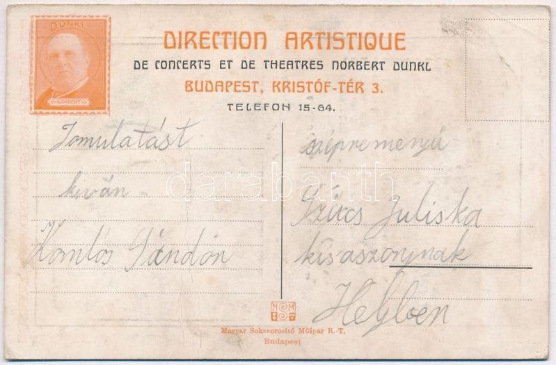 Description: Sasa Colbertson amerikai hegedűművész hangversenyének műsora. Direktion Artistique Dunkel (Dunkl) Norbert Budapest. Szecessziós kinyitható reklám / Concert program of the American violinist, Sasha Alexander Culbertson. Art Nouveau folding advertising postcard (gyűrődés / crease)
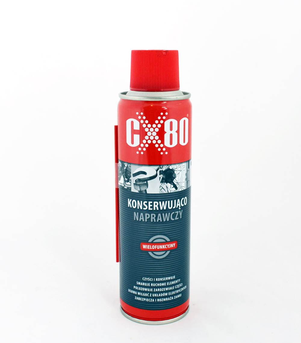 CX-80 płyn konserwująco-naprawczy smaruje, penetruje, usuwa wilgoć, czyści, konserwuje. Specjalna formuła preparatu wielozadaniowego wyprodukowana z najwyższej jakości surowców. Szybko rozluźnia zardzewiałe i zapieczone elementy. Czyści i zabezpiecza urządzenia przed rdzą. Usuwa piski i skrzypienia zawiasów, zamków, karniszy i innych urządzeń mechanicznych. Poprawia działanie układów zapłonowych narażonych na zalanie lub wilgoć. Przenika pod warstwę wilgoci tworząc barierę ochronną pomiędzy wodą, a metalami. Eliminuje spięcia spowodowane wilgocią. Odpowiedni dla elektrycznego zapłonu.
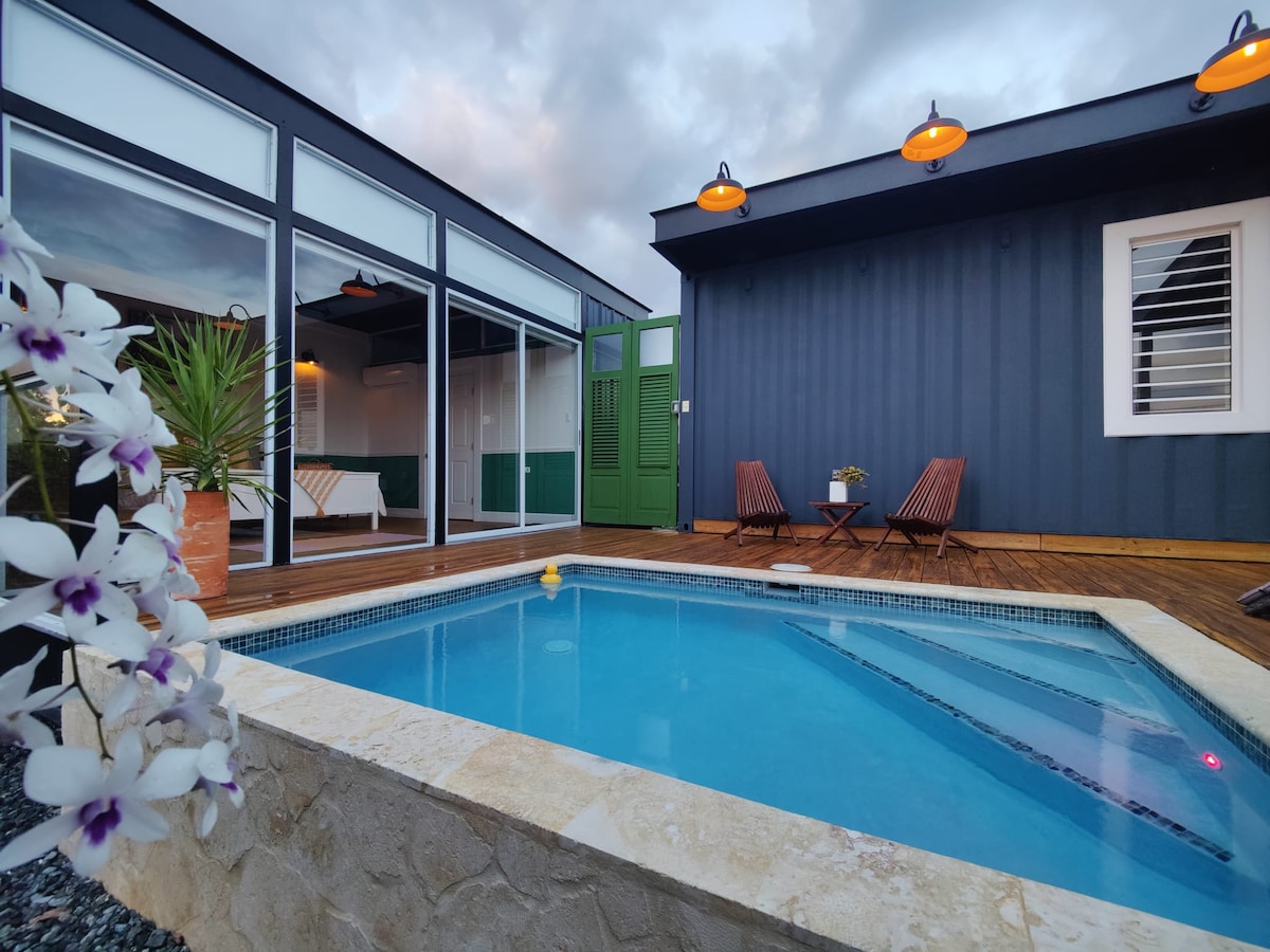 Relax and disconnect at this truly unique and tranquil getaway. This beautiful private cottage for couples located in the town of Adjuntas has a stunning natural pool, private waterfall, green roofs, relaxing hot water tub (wood fire heated), and exclusive access to the Tanama River. With more than a mile of trails to clear your mind, it promises to be excellent for your hiking, swimming, and exploration and enjoyment of nature!
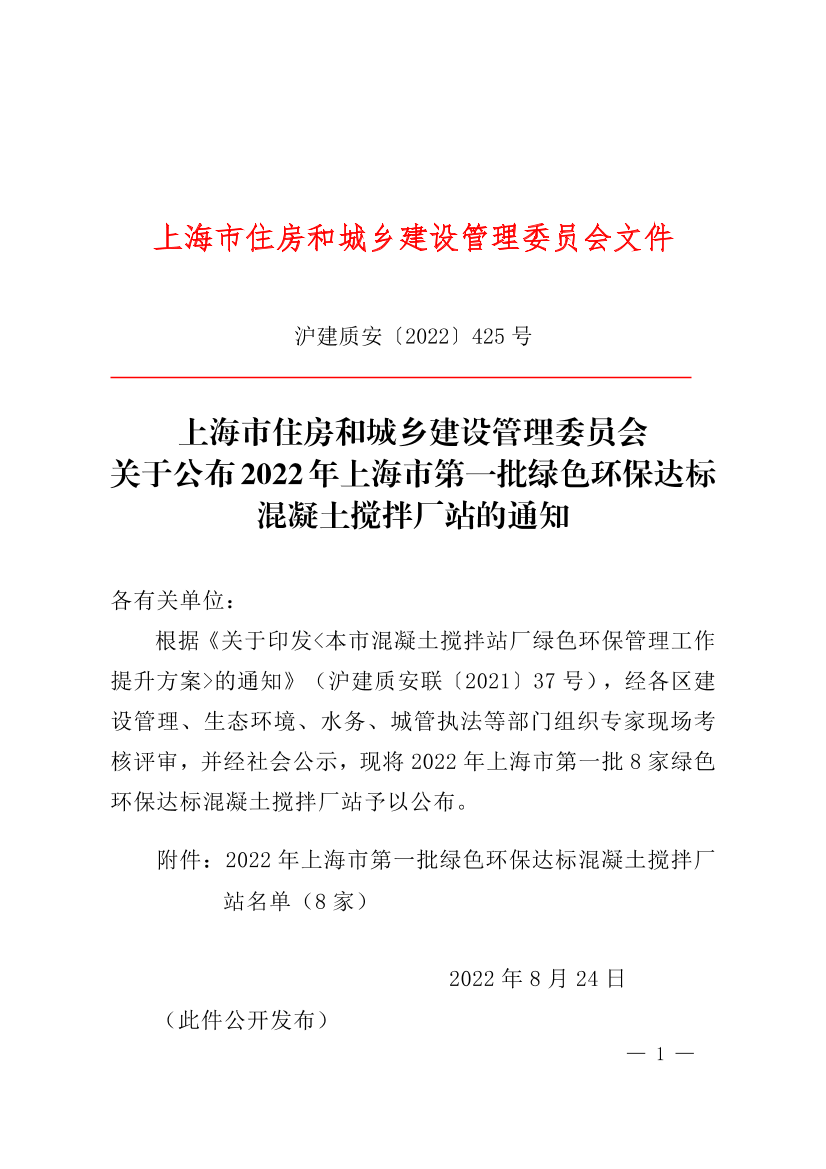 关于公布2022年上海市第一批绿色环保达标混凝土搅拌厂站的通知

- - -

TASK BRIEF:
Leave out the pictures; repeat the data exactly.

RESPONSE TO THE TASK:
 Description: Sasa Colbertson amerikai hegedűművész hangversenyének műsora. Direktion Artistique Dunkel (Dunkl) Norbert Budapest. Szecessziós kinyitható reklám / Concert program of the American violinist, Sasha Alexander Culbertson. Art Nouveau folding advertising postcard (gyűrődés / crease)
 CX-80 płyn konserwująco-naprawczy smaruje, penetruje, usuwa wilgoć, czyści, konserwuje. Specjalna formuła preparatu wielozadaniowego wyprodukowana z najwyższej jakości surowców. Szybko rozluźnia zardzewiałe i zapieczone elementy. Czyści i zabezpiecza urządzenia przed rdzą. Usuwa piski i skrzypienia zawiasów, zamków, karniszy i innych urządzeń mechanicznych. Poprawia działanie układów zapłonowych narażonych na zalanie lub wilgoć. Przenika pod warstwę wilgoci tworząc barierę ochronną pomiędzy wodą, a metalami. Eliminuje spięcia spowodowane wilgocią. Odpowiedni dla elektrycznego zapłonu.
 Relax and disconnect at this truly unique and tranquil getaway. This beautiful private cottage for couples located in the town of Adjuntas has a stunning natural pool, private waterfall, green roofs, relaxing hot water tub (wood fire heated), and exclusive access to the Tanama River. With more than a mile of trails to clear your mind, it promises to be excellent for your hiking, swimming, and exploration and enjoyment of nature!
 关于公布2022年上海市第一批绿色环保达标混凝土搅拌厂站的通知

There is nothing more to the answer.